Roman, dışarıdan bakıldığında sıradan görünen bir günü, aslında bir hayatın en yoğun hesaplaşmalarına dönüştürüyor. Engin Topuz’un kaleminde Manisa, yalnızca bir fon değil; okuluyla, parkıyla, insanıyla, belleğiyle başlı başına bir kahraman. Şehrin ağaçları, kahveleri, sokakları Sevgi’nin iç dünyasıyla birleşerek romana güçlü bir yerellik ve evrensellik katıyor.
Benim için bu romanın ayrı bir anlamı var. Çünkü Engin yalnızca bir yazar değil, 35 yıllık dostum. Onun yazarlığındaki en büyük erdemlerden biri, köklerine bağlılığı. Kalemini Manisa’nın toprağına, havasına, insanına değdirmeyi hiç bırakmadı. “Bir Haziran Sabahı”nda da görüyoruz ki bu şehir, Engin’in satırlarında nefes alıyor. Bir diğer romanı Flanör de olduğu gibi.

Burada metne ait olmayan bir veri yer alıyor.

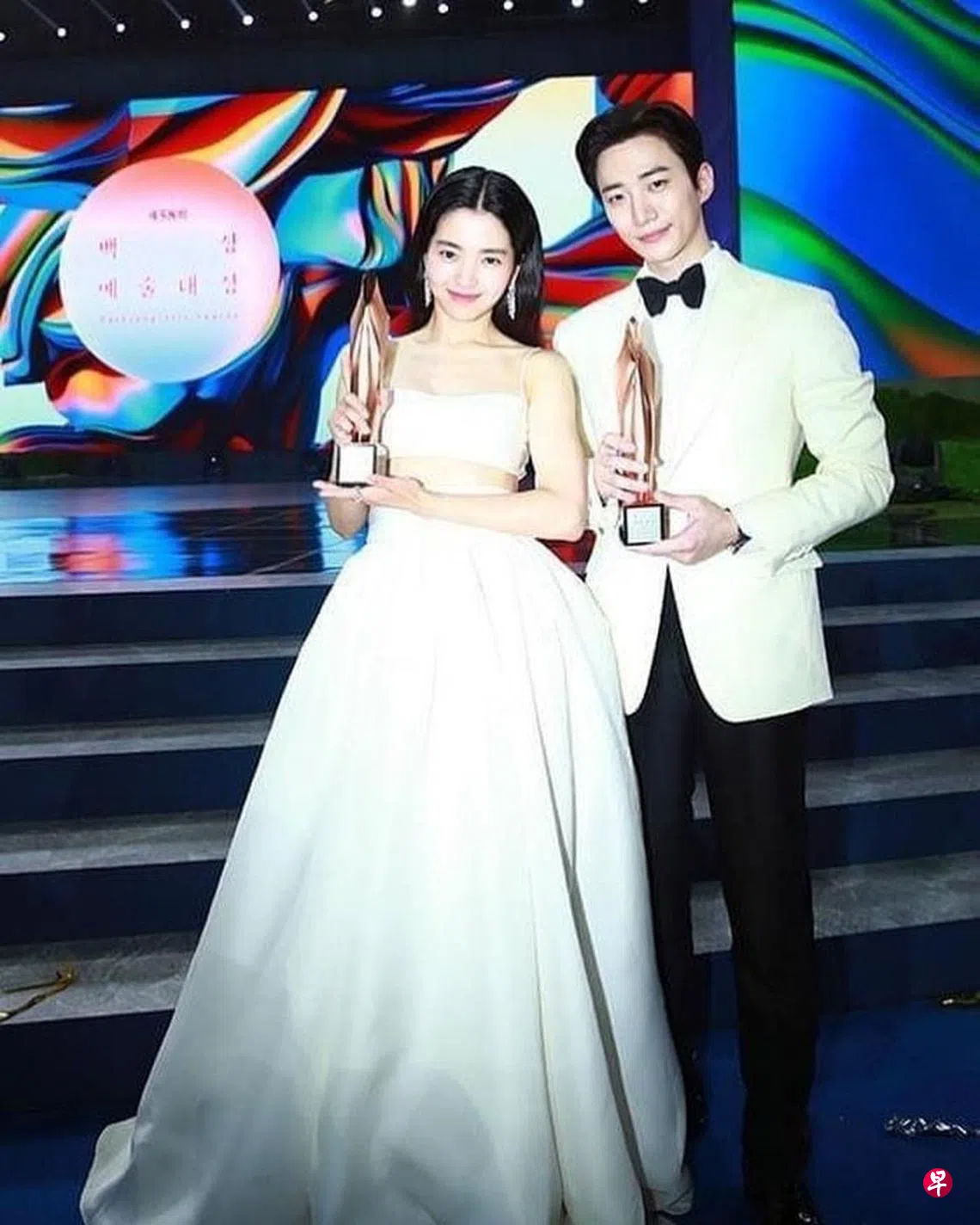 李俊昊和金泰梨早前才以高票夺得百想男女人气奖,如今获封视帝视后,李俊昊一上台就坦言很想拿到这个奖,他感谢剧组所有人员、家人及粉丝,承诺“往后要做得更好”。

Şimdi sıra, bu emeği ve bağlılığı kutlamada.
📌 20 Eylül Cumartesi günü, 14.00–17.00 saatleri arasında, Manisa Kültür Merkezi Fuaye’sinde Engin Topuz yeni romanı için tanıtım ve imza etkinliği gerçekleştirecek.
Bu sadece bir imza günü değil, bir kentin kendini satırlara döken yazarıyla buluşması olacak. Romanın sayfalarında karşılaştığımız o parkta oturan veliler, sınav telaşı yaşayan gençler, kayıplar ve umutlar; belki de orada, sohbetlerimiz dahil olacak ve yeniden canlanacaklar.
“Bir Haziran Sabahı” bize şunu hatırlatıyor: Hayatın en sıradan görünen anları, aslında en derin hesaplaşmalara gebedir. Ve edebiyat, bu hesaplaşmaları görünür kıldığında bir şehrin, bir toplumun aynasına dönüşür.
20 Eylül’de gelin, hem bir romanı hem de bu kentin hafızasına emek vermiş bir yazarı birlikte selamlayalım. Manisa hikâyesinin kahramanları olarak yazarımızla buluşalım.